12. The system as claimed in claim 11 wherein the processing means is configured to:
periodically perform steps b) and c) in accordance with two or more time intervals and respective second criteria to store different incremental backup types to provide different data granularity.
13. The system as claimed in claim 11 wherein the processing means is configured to storing the dependency data structure to the backup storage device.
14. The system as claimed in claim 13 wherein the backup storage device is operable with a one or more storage media and wherein the processing means is configured to:
for each incremental backup to be stored to a one of the storage media, determine the second criteria in relation to a parent backup stored to the one of the storage media to permit the use of at least two storage media in a rotational manner.
15. The system as claimed in claim 11 wherein the dependency data structure is a tree-like data structure.
16. The system as claimed in claim 11 wherein the processing means is configured to:
pare at least one of a full and incremental backup at the backup storage device automatically in accordance with a plan to manage the full and incremental backups.
17. The system as claimed in claim 16 wherein the plan is configured to manage an amount of available storage space at the backup storage device.
18. The system as claimed in claim 12 wherein the processing means is configured to:
pare at least one of a full and incremental backup at the backup storage device automatically to manage the full and incremental backups in accordance with an amount of available storage space at the backup storage device.
19. The system as claimed in claim 12 comprising means for coupling the computer system to a second storage device and wherein the processing means is configured to:
identify a backup stored to the backup storage device comprising data to be restored to the second storage device, said backup defining a current backup;
copy the data to be restored to the second storage device from the data stored to the current backup; and
repeat until all the data to be restored is copied to the second storage device:
determining the portion of said data to be restored remaining to be copied;
determining a parent backup to the current backup from the dependency data structure, said parent backup redefining the current backup; and
where the data stored to the current backup comprises any of the portion of said data to be restored remaining to be copied, copying the any of the portion of data to the second storage device from the current backup.
20. A computer readable medium containing executable program instructions for backing up data from a first storage device to a backup storage device, said devices coupled to a computer system, the computer readable medium comprising program instructions for directing the computer system to implement the method of claim 1.
Description
BRIEF DESCRIPTION OF THE DRAWINGS

[0016] Further features and advantages of the present invention will become apparent from the following detailed description, taken in combination with the appended drawings, in which:

[0017]FIG. 1 is a block diagram of a data backup management and restore system in accordance with an embodiment of the invention;

[0018]FIG. 2 illustrates a sample dependency structure for organizing backups in accordance with the present invention; and

[0019]FIGS. 3 and 4 are flow diagrams of operational steps of the backup system and method of the present invention;

[0020] It will be noted that throughout the appended drawings, like features are identified by like reference numerals.
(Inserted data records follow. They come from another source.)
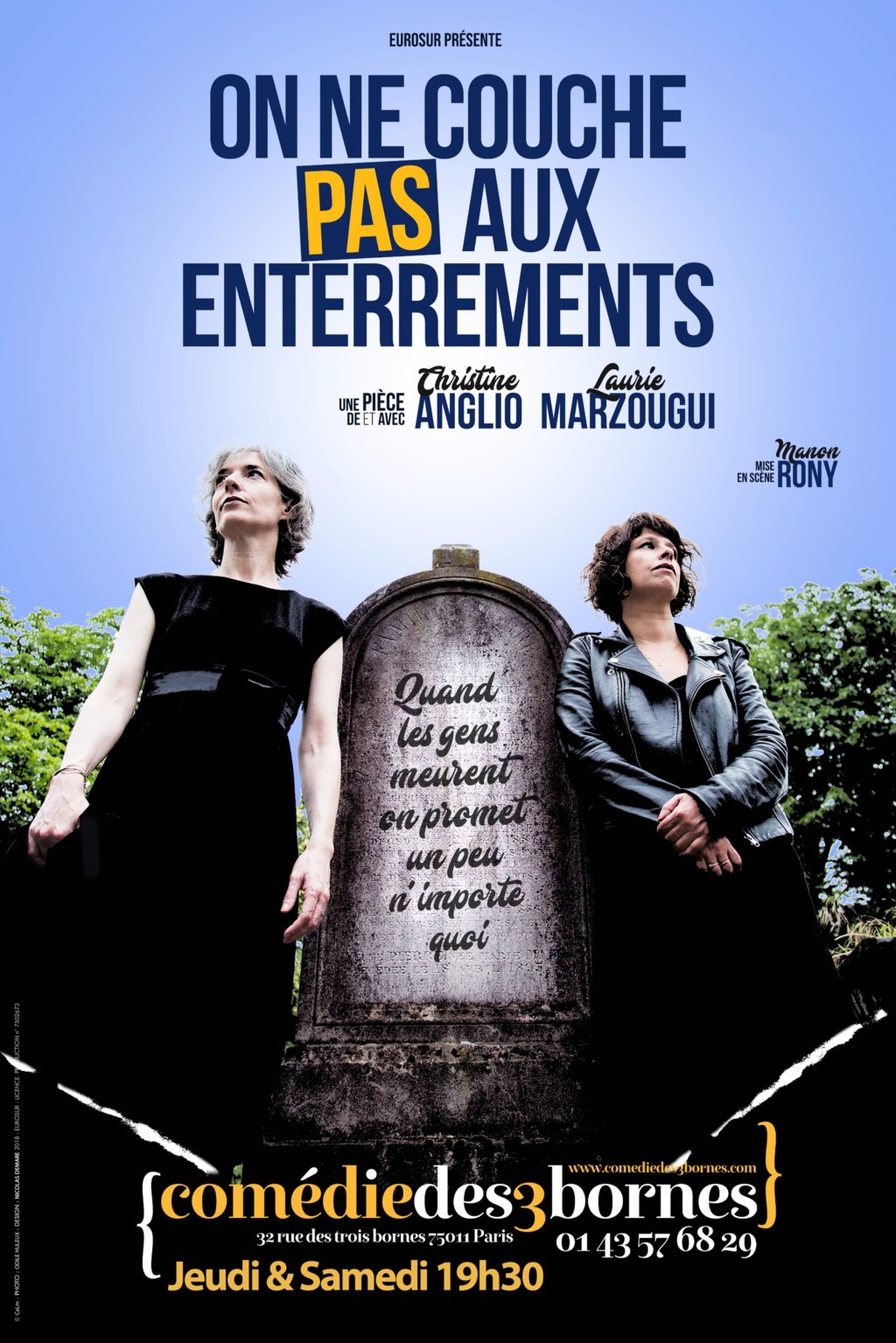 Aujourd’hui je vais vous parler d’un spectacle découvert il y’a quelques jours à La Comédie des 3 Bornes. Il s’agit de la pièce On Ne Couche Pas Aux Enterrements; une pièce écrite et interprétée par Christine Anglio et Laurie Marzougui, dans une mise en scène signée Manon Rony.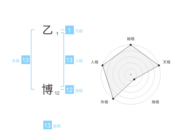 乙 博さんの外格は13画の5点!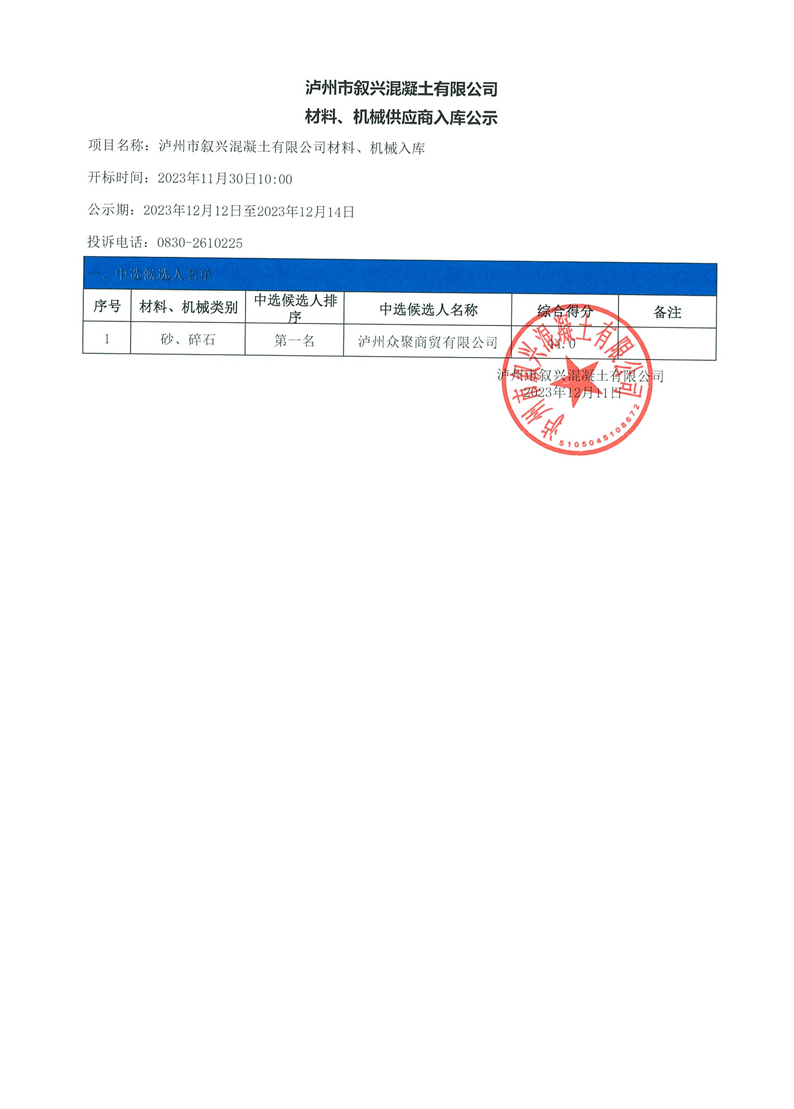 瀘州市敘興混凝土有限公司材料、機(jī)械供應(yīng)商入庫公示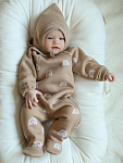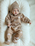 Комбинезон выполнен из ткани трикотаж футер 3х нитка с начесом - гладкий снаружи и теплый, мягкий внутри.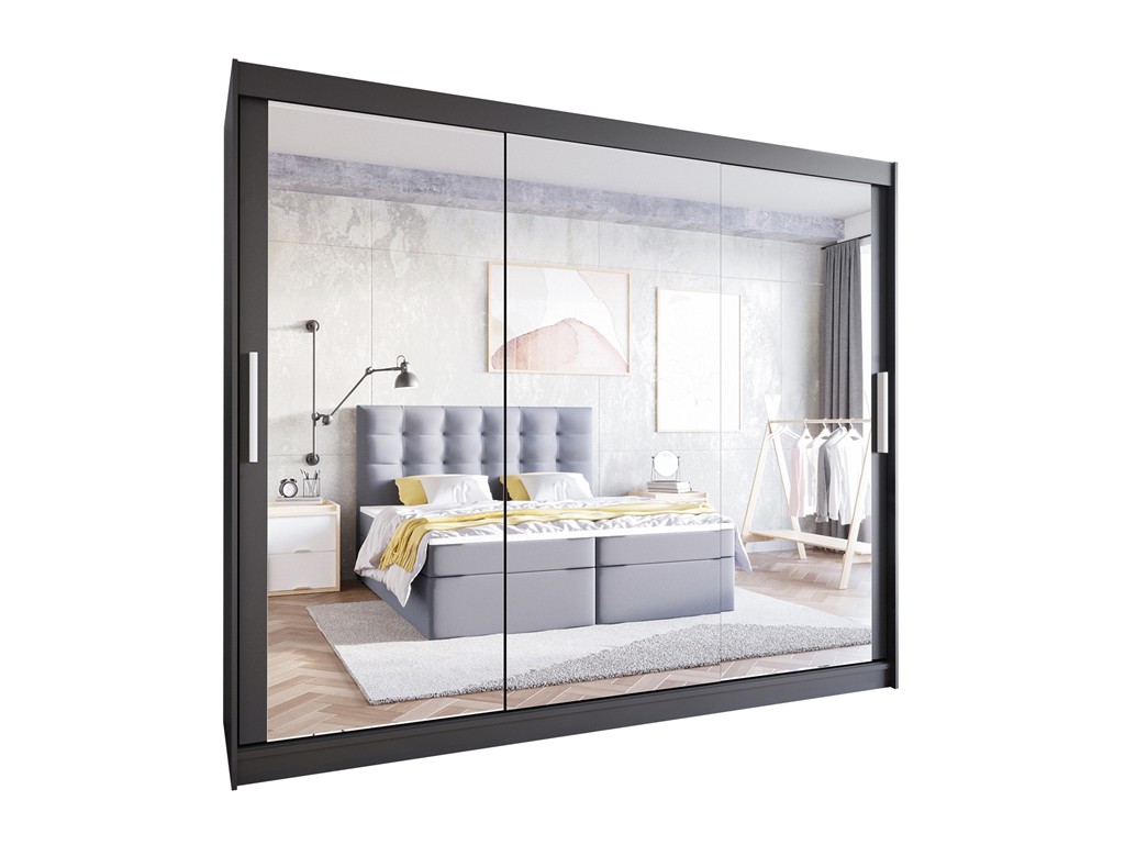 Szafa Lolo III 250 czarny mat nadaje wnętrzu nowoczesny charakter, a lustra optycznie powiększają przestrzeń.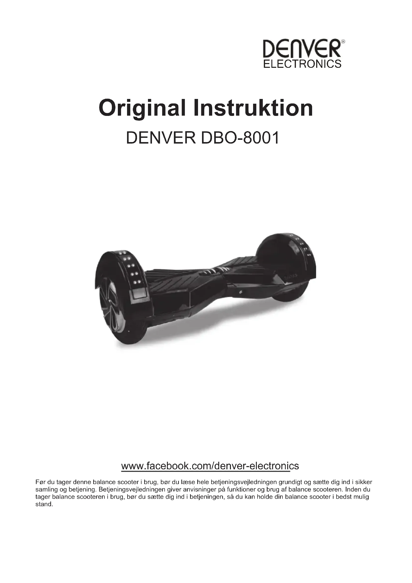 Dänemark Omega 5A, Soeften, DK-8382 Hinnerup,Original Instruktion DENVER DBO-8001 www.facebook.com/denver-electronics Før du tager denne balance scooter i brug, bør du læse hele betjeningsvejledningen grundigt og sætte dig ind i sikker samling og betjening. Betjeningsvejledningen giver anvisninger på funktioner og brug af balance scooteren. Inden du tager balance scooteren i brug, bør du sætte dig ind i betjeningen, så du kan holde din balance scooter i bedst mulig stand.
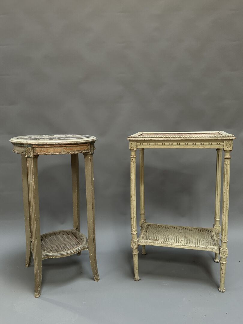 Réunion d’une sellette et d’une petite table rectangulaire en bois laqué gris,...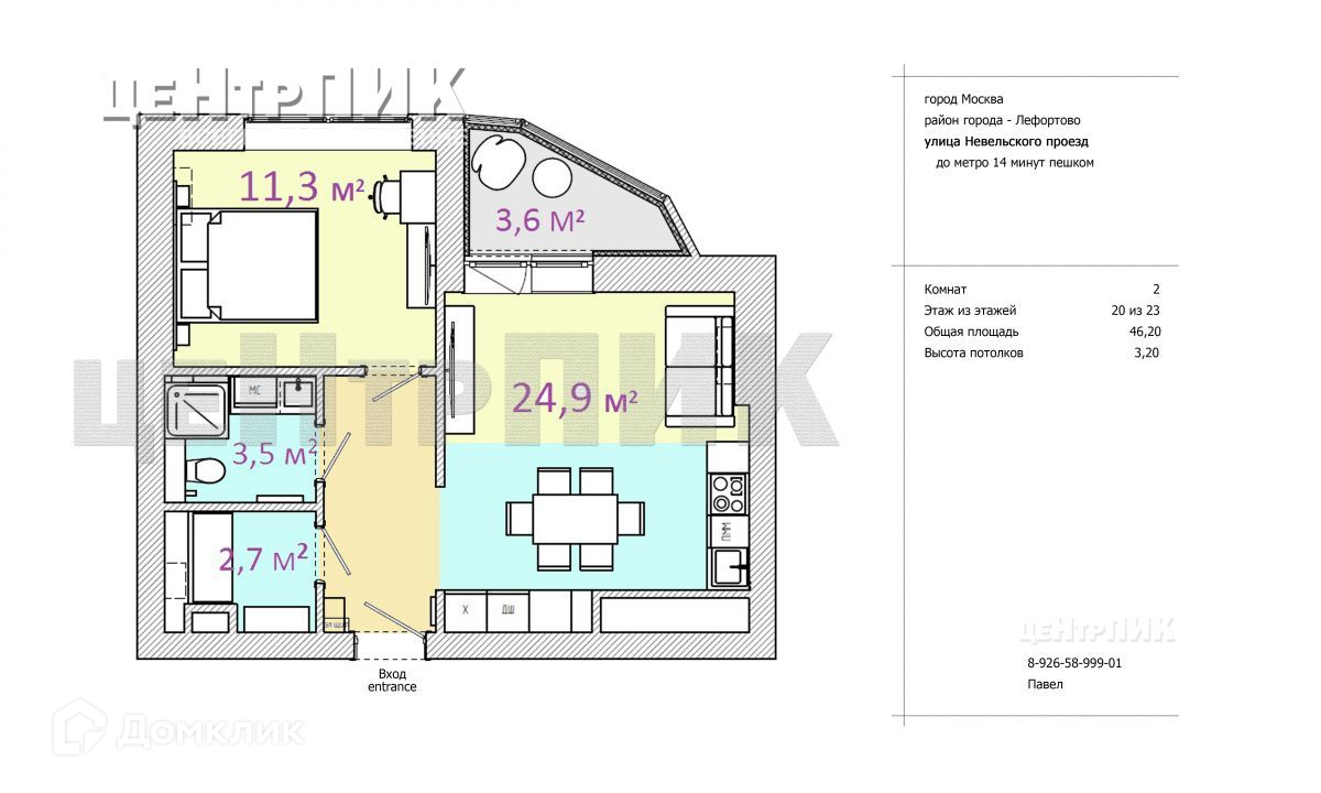 Общая площадь 46.2 м2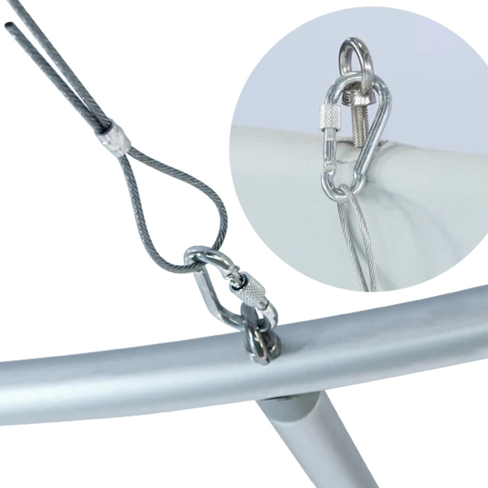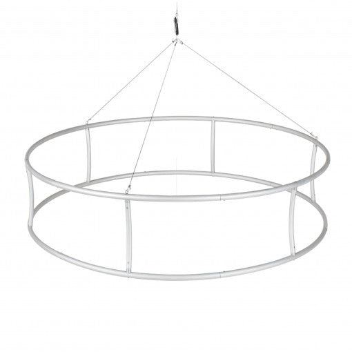 The 3 m long circular hanging structure weighs only 20 kg and has the following dimensions when assembled: 300 x 91 x 300 cm (W x H x D) and only 25 x 25 x 130 cm when packed.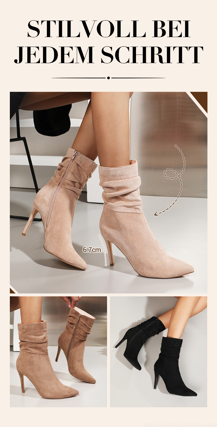 👠Kurze Damenstiefel mit hohem Absatz und spitzer Zehe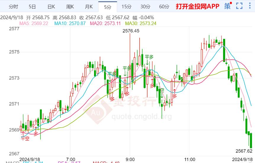 周三(9月18日)本交易日现货黄金日内维持震荡走势,今日开盘报2571.28美元/盎司,最高触及2576.45美元/盎司,最低触及2567.39美元/盎司,截止发稿金价报2565.84美元/盎司,跌幅0.14%。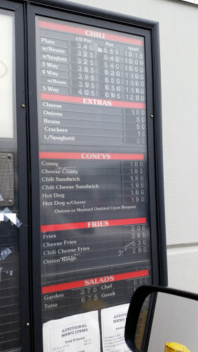 3.5 stars: good, not great. Taste-wise its a solid performer among the various local Cincinnati-style chili purveyors but the chili itself was watery, more so than Skyline or Gold Star. I wasnt impressed with the presentation at all, however. When I arrived shortly before noon on a weekday, the small parking lot was full and I saw no obvious street parking in the slightly sketchy neighborhood. So I ordered a 3-way and a coney at the drive thru and found a nearby parking lot. The coney was sloppy, as is to be expected, but tasted pretty good. The chili was ridiculous, however. First, it was in two containers--one styrofoam cup for the chili and spaghetti, and one for the cheese. Separating them made sense, to keep the cheese from melting, but it was impossible to eat the runny chili-spaghetti mixture out of the cup. The cup was completely full, with a generous portion of unappetizing liquid on top. So there was no way to add the cheese and attempt to eat from the container. Skyline has a perfectly good tray container that holds the chili and spaghetti, and is easy to eat from. Im not writing this place off, but definitely cant recommend getting it to go unless you happen to have a plate or a bowl of your own handy.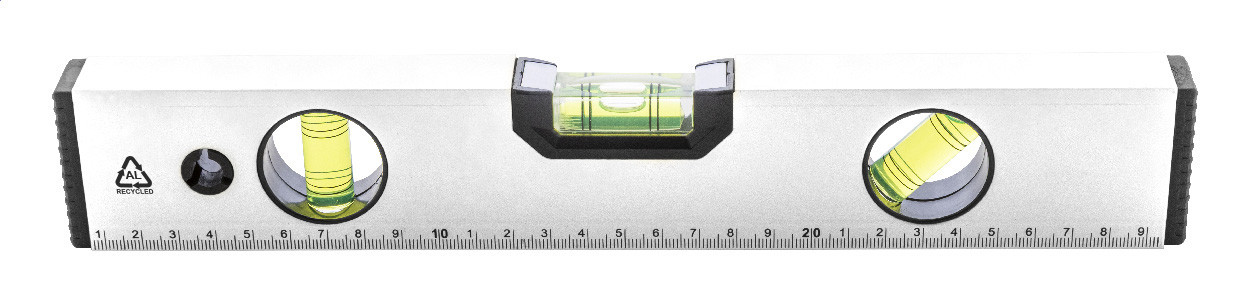 Magnetická vodováha z recyklovaného hliníka s tromi vodováhami (horizontálna, vertikálna a 45 °) a 30cm pravítkom.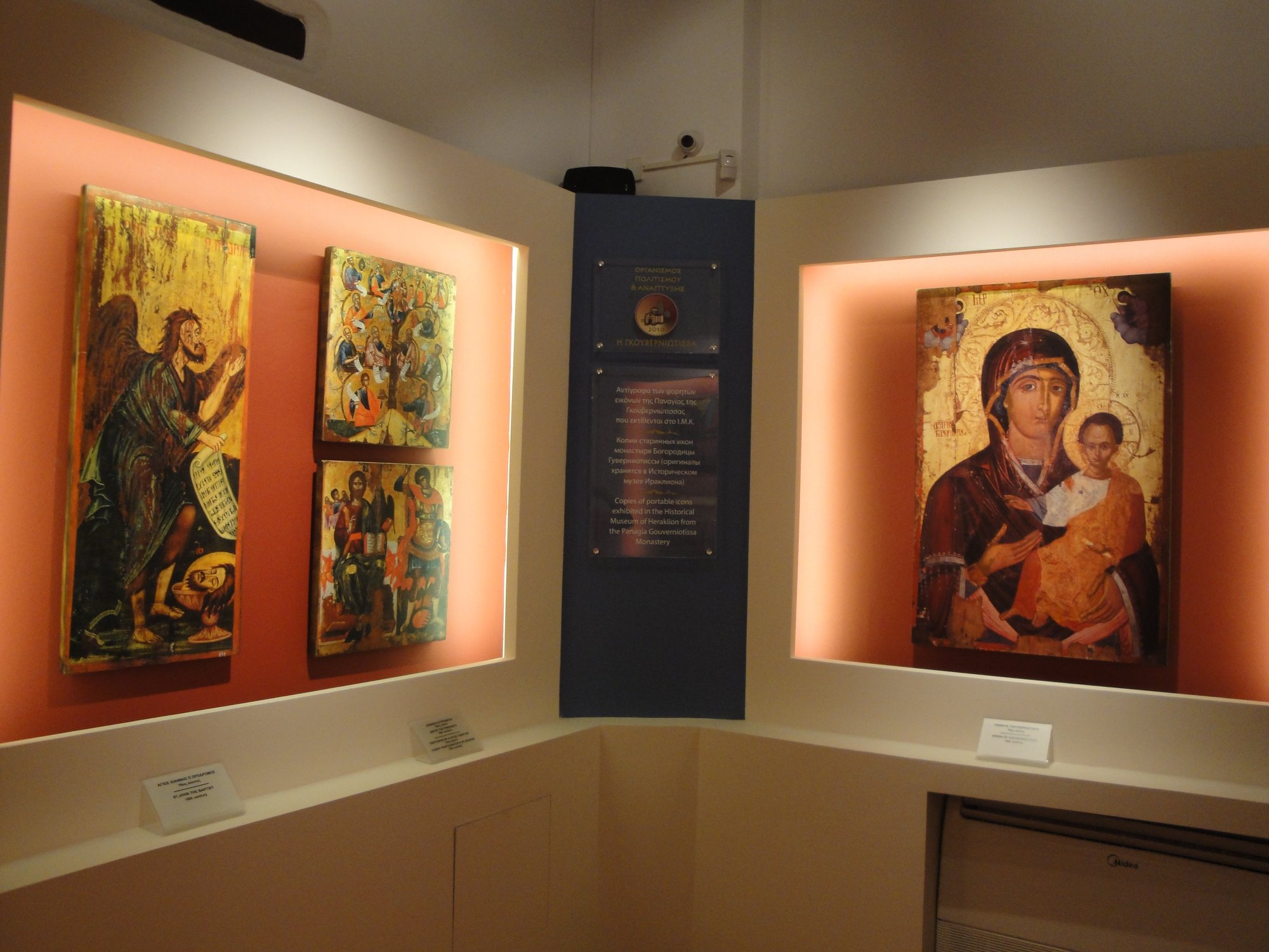 – Την Έκθεση Εκκλησιαστικών Κειμηλίων, όπου εκτίθενται τα ξυλόγλυπτα τέμπλα της Γκουβερνιώτισσας, ιερά ευαγγέλια, ο Κώδικας της Μονής, χειροποίητα ιερατικά άμφια, εκκλησιαστικά σκεύη (άγια ποτήρια, λόγχες, σταυροί) ενώ σε διπλανή αίθουσα φιλοξενούνται αντίγραφα των φορητών εικόνων της μονής που είναι έργα του 16ου αιώνα.
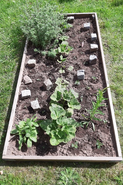 Außerdem fanden hier Färbertagetes und Färbermädchenauge ihren Platz. Beide waren bereits kräftig genug und kommen bestimmt gut mit dem trockenen Boden zurecht.

DETAILED DESCRIPTION OF THE PREFERRED EMBODIMENT

[0021]FIG. 1 illustrates, in block diagram form, an exemplary computer system 10 for digital data processing configured for data backup, management and restore capabilities in accordance with an embodiment of the invention. Computer system 10 includes a central processing unit (CPU) 12 coupled to memory 14, such as random access memory (RAM), read only memory (ROM), programmable ROM and the like. CPU 12 is also coupled to an input/output (I/O) controller 16 for controlling one or more input and/or output devices (not shown), a network controller 18 for network communication with one or more other computer systems (not shown) and a storage controller 20 for communication with a primary storage device 22 and a backup storage device 24.

[0022] Computer system 10 may be a multi-user or single-user system, including a server, mainframe, personal computer (PC), workstation, laptop, or the like. Each of primary storage device 22 and backup storage device 24 includes rewriteable media such as a fixed disk drive, mountable (i.e. selectively removable) disk drive, disk drive array or other rewriteable media, though magnetic tape or other sequential media are not preferred.

[0023] The exemplary computer system 10 is a generalized system as is understood to persons skilled in the art. Numerous modifications will be apparent. For example, primary storage device 22 and backup storage device 24 may be connected to separate controllers (e.g. integrated device (or drive) electronics (IDE) controllers) or with both devices 22 and 24 connected to the same IDE controller in a master and slave relationship. The controller may be in accordance with the small computer system interface (SCSI) standard, enhanced IDE (EIDE) standard or any other method of connecting storage devices to computers.

[0024] Computer system 10 may include further storage devices and respective controllers therefor such as a floppy disk drive, a CD-ROM drive, a tape drive, flash disk drive (all not shown). Additionally, computer system 10 may include a plurality of I/O controllers for a variety of I/O devices such as a keyboard, display screen, pointing device, etc. While only a single CPU 12 is illustrated, a multi-processor configuration may be employed as is well known to those skilled in the art.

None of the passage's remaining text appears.